Soils store a massive amount of carbon, much more than is stored in vegetation or in the atmosphere.  How soil organic carbon (SOC) forms and persists remains uncertain. This makes it challenging to predict how soil carbon will respond to climatic change. Recently, Tao et al. reported in Nature that microbes and their carbon use efficiency are the primary determinant of global SOC storage. If this holds true it would be a paradigm shift - as to date carbon inputs to the soil have been considered the primary determinant. In a Matter Arising we challenge this findings, and argue for the investigation of multiple mechanisms of SOC stabilization and loss, rather than solely focusing on CUE.
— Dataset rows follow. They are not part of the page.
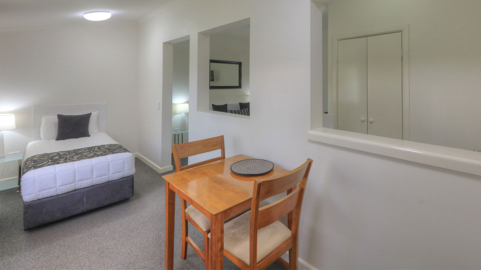 Designed for the comfort of the disabled and carers, our Executive Queen Access rooms offer spacious smoke free rooms with 1 queen and 1 single bed. A half wall between the beds offers the ultimate comfort and privacy. Wall mounted TV, air con, tea and coffee making facilities and fresh milk provided. Secure off street parking, very quiet rooms. We have 2 Access rooms and they both comply with all regulated facilities .
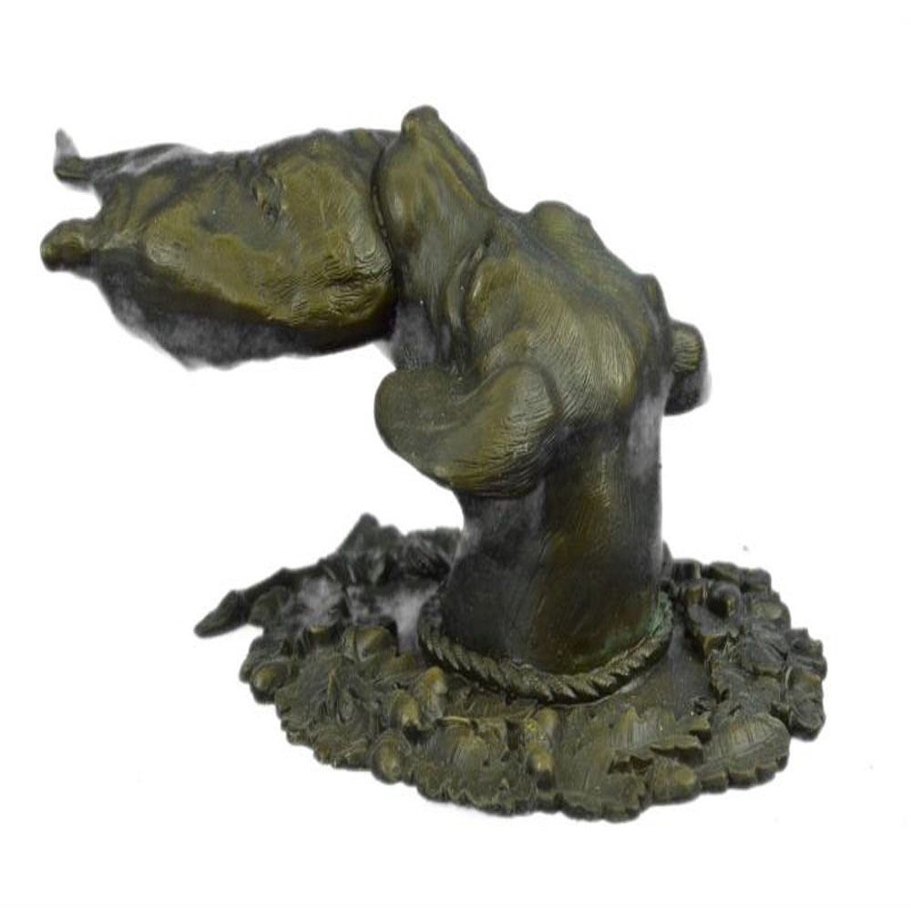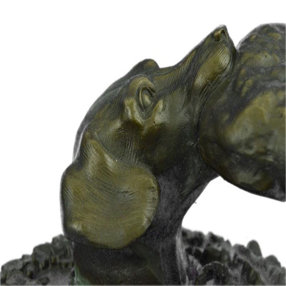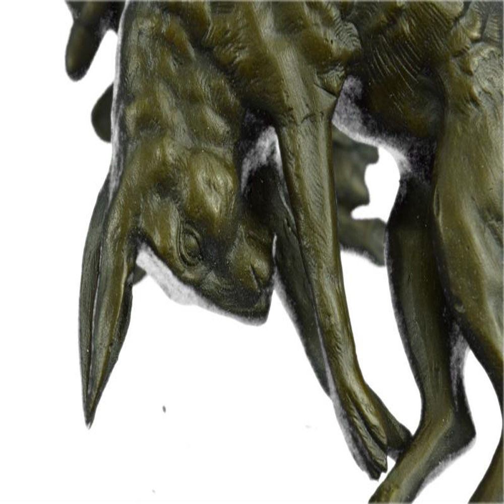 This Sculpture depicts a dog, possibly a hound, with a rabbit gripped in his mouth. The hound is slim and his ribs are pronounced. His tail wraps around him as he sits. His eyes gaze up to the right, likely looking at his owner with satisfaction over the effort it took to catch his prey. He still has a snarl over his mouth and you can see his teeth have a firm grip on the rabbit which lays limply by his waist. The piece has a rustic feel and has a two toned brown patina and can be mounted on wall. Bronze dimensions: Height 12 X width 7 inches. Weight: 7 LBS.
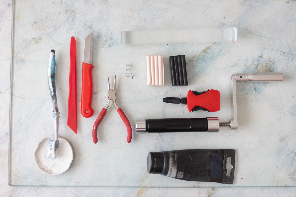 - FIMO in verschiedenen Farben (Rosa, Schwarz) – pro Ohrring reicht weniger als 1/2 Block FIMO
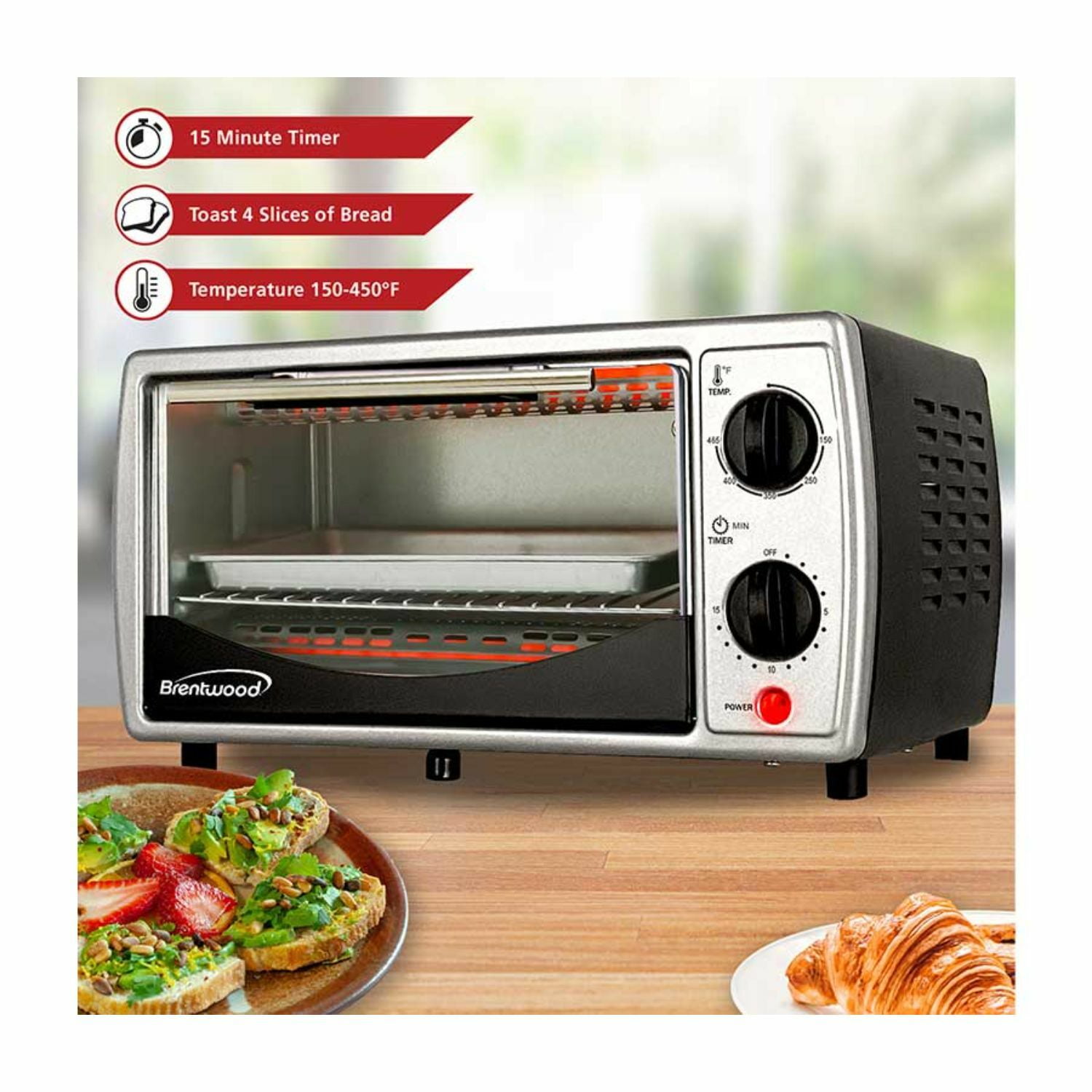 Brentwood Appliances TS-345B Stainless Steel 4 Slice Toaster Oven – Black, Silver
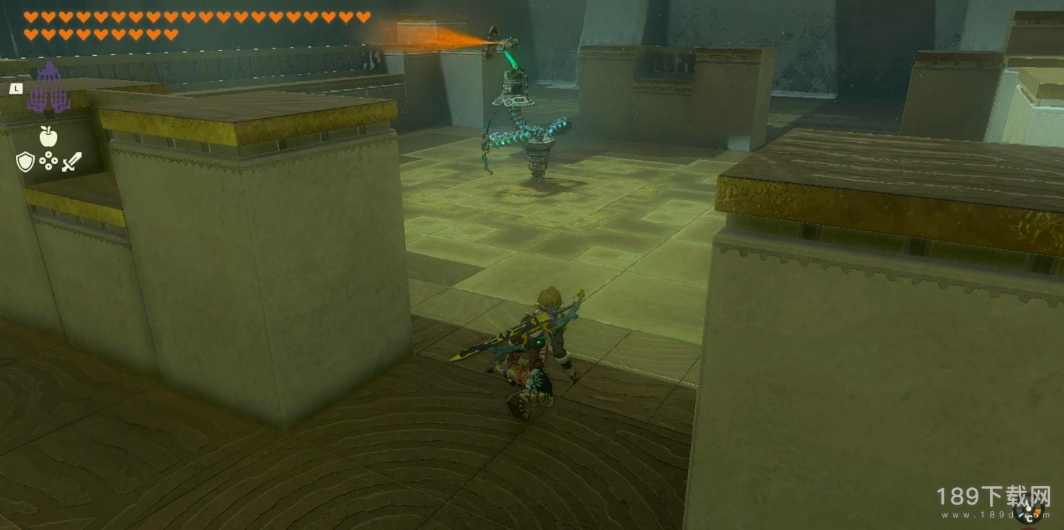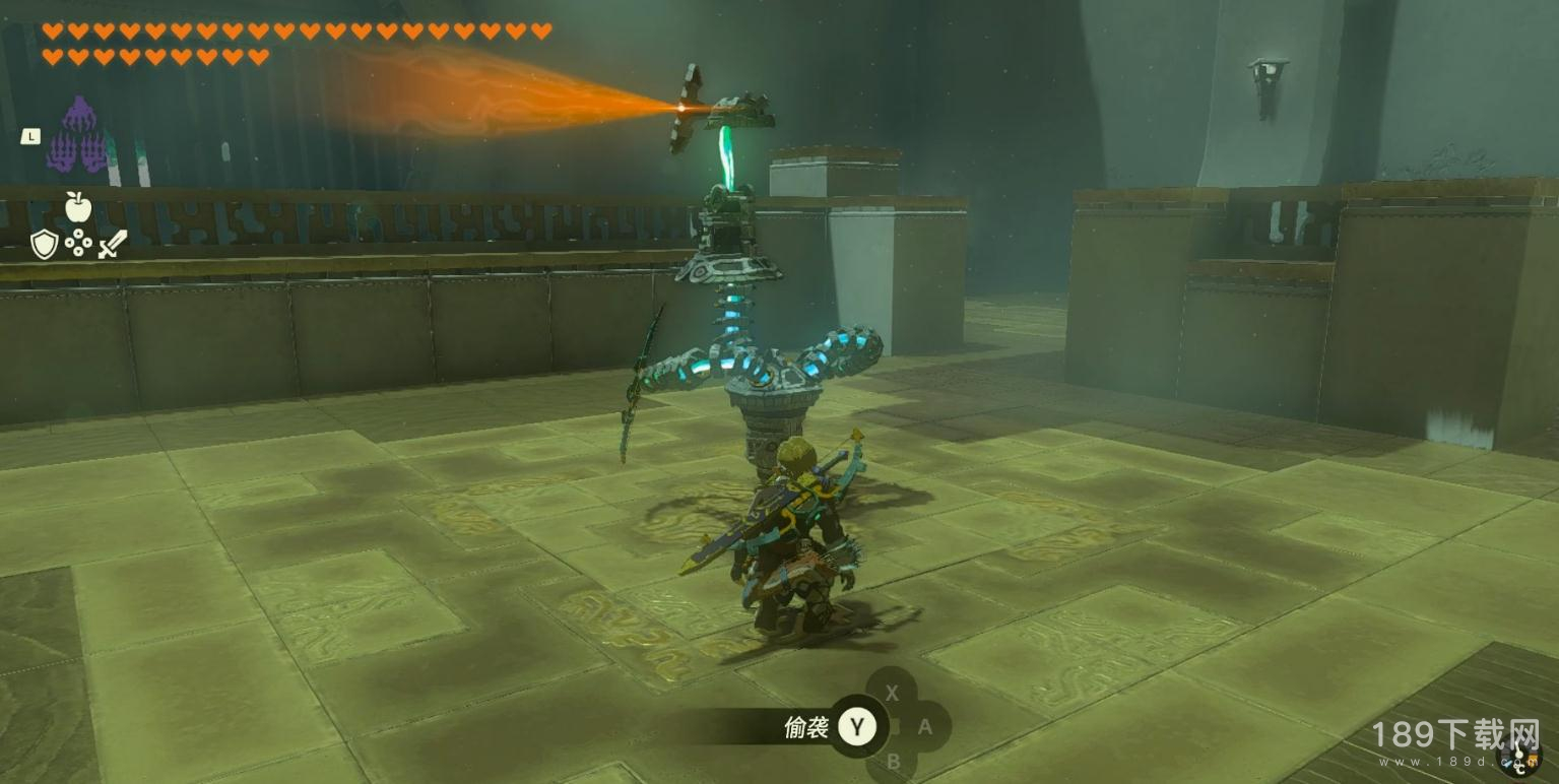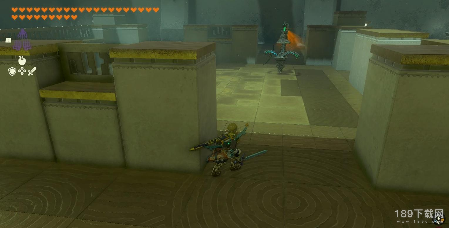 该神庙为潜行教学神庙,我们需要按下左摇杆蹲下,悄悄从背后接近敌人。
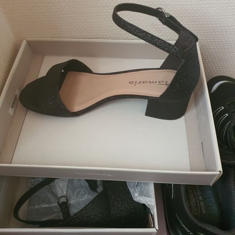 Tamaris festsko i størrelse 39. Skoene har en lukket spids og ankelrem med spænde. Farven fremstår som lys og skoene har en medium hælhøjde. Velegnet til formelle lejligheder.
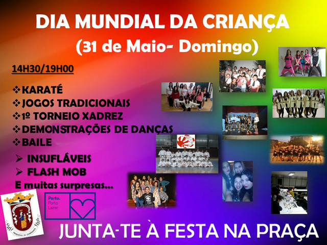 O Dia Mundial da Criança em Campanhã vai ser celebrado no domingo (31/05) a partir das 14h, com muita Animação e Surpresas, onde além das crianças os adultos vão de certeza divertir-se muito. Neste mesmo dia vai realizar-se o 1o Torneio de Xadrez na Praça (Praça da Corujeira).
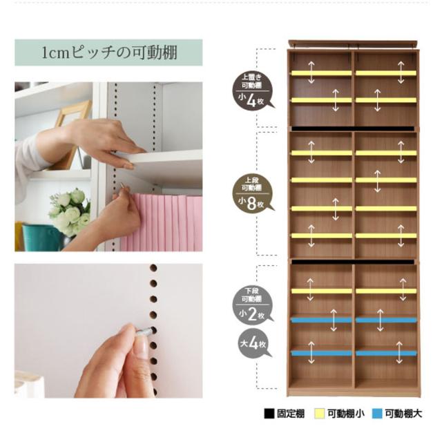 1cm単位で棚板の移動ができる大容量本棚
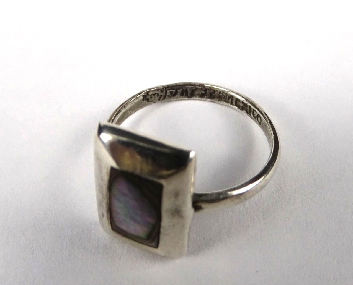 как выглядит Sterling Abalone Mexico Ring sz 7.5 Rectangular Setting, Inlaid Abalone Shell фото
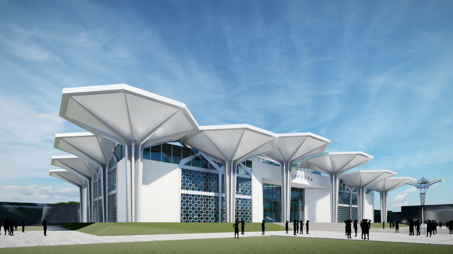 郸城县伞业产业园电子商务服务中心项目是郸城县伞业全产业链展销的窗口项目、展示项目。会展中心的设计概念以“伞启郸兴”为主题,基于对本土特色文化的深入解读、同时结合“伞”的具体特征,提炼伞盖、伞骨、伞柄的特殊形象为基本元素。建筑主立面以八个巨大伞形构架依次展开,巨型的尺度、新颖的造型有极强的昭示性,装饰幕墙八边形的单元分割也隐喻了伞盖的造型,创新的视觉形象为伞业产业园增加了新的注解。会展中心整体的建筑风格充分展示了郸城伞业产业园的核心价值,形成独具特色的地标形象。
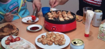 私が PC のセットアップをしている間に、ダンナと娘はタコヤキ作成中。

As direct observations of microbial carbon use efficiency are scarce, the study by Tao et al. relied on model-data assimilation to indirectly derive carbon use efficiency at global scale. Soil carbon models are infamously unreliable with little progress being made in capturing global patterns and underlying drivers in global models during the last decade.  With the help of one of the fastest computer and an impressively large dataset on 57,267 globally distributed vertical SOC profiles, Tao et al. optimized a selection of uncertain model parameters in a soil carbon model. The authors argue that this procedure enabled their soil model to produce reliable and robust predictions and base their analysis largely on model predictions.

Several shortcomings of the approach by Tao et al. that have lead to unreliable model predictions are now being reported in a Matters Arising in Nature lead by Xianjin He from the Le Laboratoire des Sciences du Climat et de l'Environnement (LSCE). We argue that the relationship between microbial carbon use efficiency and soil organic carbon critically depend on unconstrained model assumptions, and thus cannot be trusted. 

A major issue is that the parameter which controls the mortality of microbes was not included into the optimization based on the SOC profiles. More importantly, the parameter was set to a value which has been demonstrated earlier to minimizes the dependency of SOC to soil carbon inputs. As a consequence the model predictions are arguably predisposed to predict a major influence of microbes on global SOC storage - irrespectively of how much data was used to in the model optimisation. 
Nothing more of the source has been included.